Reviewed by Philip D. Byers, Residence Life, Bethel University

David R. Swartz has produced a book that is at once innovative historiography and enlivening prose. Using the 1973 Thanksgiving Workshop of Evangelical Social Concern and its resulting “Chicago Declaration” as his framework, Swartz narrates and analyzes the mid-twentieth-century progressive movement in American evangelicalism. Examining many of the dominant figures associated with the Thanksgiving Workshop, Swartz explains how a movement once bearing the traces of cultural and political ascendency splintered under the centrifugal forces of identity politics. Additionally, Swartz demonstrates how the then-nascent Religious Right did not merely surpass its progressive rival; rather, it asserted itself by employing the very tactics and rationale which had first characterized the evangelical left.

Swartz identifies his primary thesis in the book’s introduction: the rise of the Religious Right was not a foregone conclusion.
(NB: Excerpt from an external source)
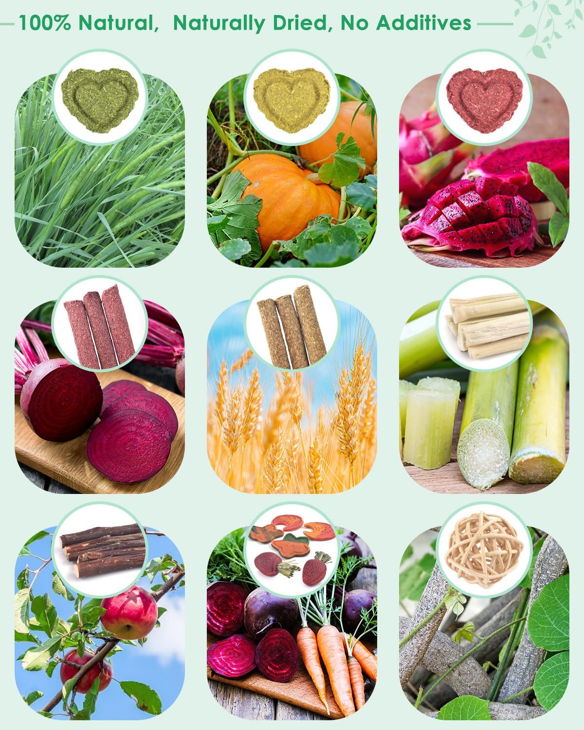 • MADE OF NATURAL MATERIALS: 33 sets of hamster chew toys are made natural apple wood, carrots, wheat, Timothy grass beets, dragon fruit, strawberries, rattan, sweet bamboo, pumpkin, papaya stems, each which is double baked to improve durability and safety, ensuring non-toxic, pigment free, hormone free products a safe chewing experience

Prevalent narratives that depict evangelicalism as a monolith wed to political conservatism from time immemorial are wholly unhelpful. Swartz bases this assertion on both broad and specific grounds. Broadly, Swartz argues that these narratives fail to comport with basic, accepted renderings of evangelical history which recognize a movement that is “fundamentally fragmented and nonhierarchical” (8). In its historical context, then, the simultaneous evangelical entry into both wings of American politics is congruent with the movement’s basic fiber rather than anomalous.

At a more specific level, Swartz’s methodology for corroborating his thesis revolves around portraits of a variety of evangelical activists. The book is divided into three sections. The first section describes the emergence of the evangelical left by focusing on several figures and the issues they championed, including Carl Henry (general social engagement), John Alexander (racial justice), and Jim Wallis (Vietnam). In the second section Swartz identifies the manner in which the movement built on its initial successes by expanding its coalition and tapping into previously-excluded ethnic-religious movements. These chapters focus on the two-thirds world church, the Dutch-Reformed church, and Swiss-German Anabaptists, with a concluding chapter expressly focusing on the Thanksgiving Workshop. The final section details the factors that dissipated the movement’s focus and eventually enervated its overall vitality.
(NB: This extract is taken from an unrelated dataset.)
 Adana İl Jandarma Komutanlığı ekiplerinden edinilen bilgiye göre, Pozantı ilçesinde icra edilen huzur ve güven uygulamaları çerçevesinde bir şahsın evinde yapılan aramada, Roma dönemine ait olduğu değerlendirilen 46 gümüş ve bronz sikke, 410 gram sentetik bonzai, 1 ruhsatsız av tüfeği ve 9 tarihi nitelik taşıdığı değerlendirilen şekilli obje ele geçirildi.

Much of Swartz’s work involves making the unknown a little more familiar, as figures drawing scant prior attention in histories of twentieth-century evangelicalism receive consideration here. Moral Minority reveals former Harlem gang leader Tom Skinner as a dynamic evangelist and prophetic social critic who nurtured relationships with figures including Maya Angelou and Jesse Jackson. An unflinching critic of the unquestioned conflation of American ideals and Christian values, Samuel Escobar challenged American evangelicalism from the margins while also functioning comfortably in “established” evangelical venues like the Lausanne Conference and InterVarsity Christian Fellowship. Sharon Gallagher and the Christian World Liberation Front provide a fascinating counterpoint to the prevailing depiction of life in 1970s Berkeley, California. Meeting characters like these will be an invigorating exercise for many readers.
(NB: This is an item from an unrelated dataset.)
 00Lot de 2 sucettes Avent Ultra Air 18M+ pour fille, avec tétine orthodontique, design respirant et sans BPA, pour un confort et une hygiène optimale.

Making the blandly familiar a little more three-dimensional, though, might be Swartz’s most significant accomplishment in Moral Minority. Many evangelicals will recognize Ron Sider as the author of Rich Christians in an Age of Hunger. They are likely less familiar with Sider’s role as one of the great evangelical networkers in the last half century, initiating the energy behind Evangelicals for McGovern (EFM) and helping to convene and lead the 1973 Thanksgiving Workshop.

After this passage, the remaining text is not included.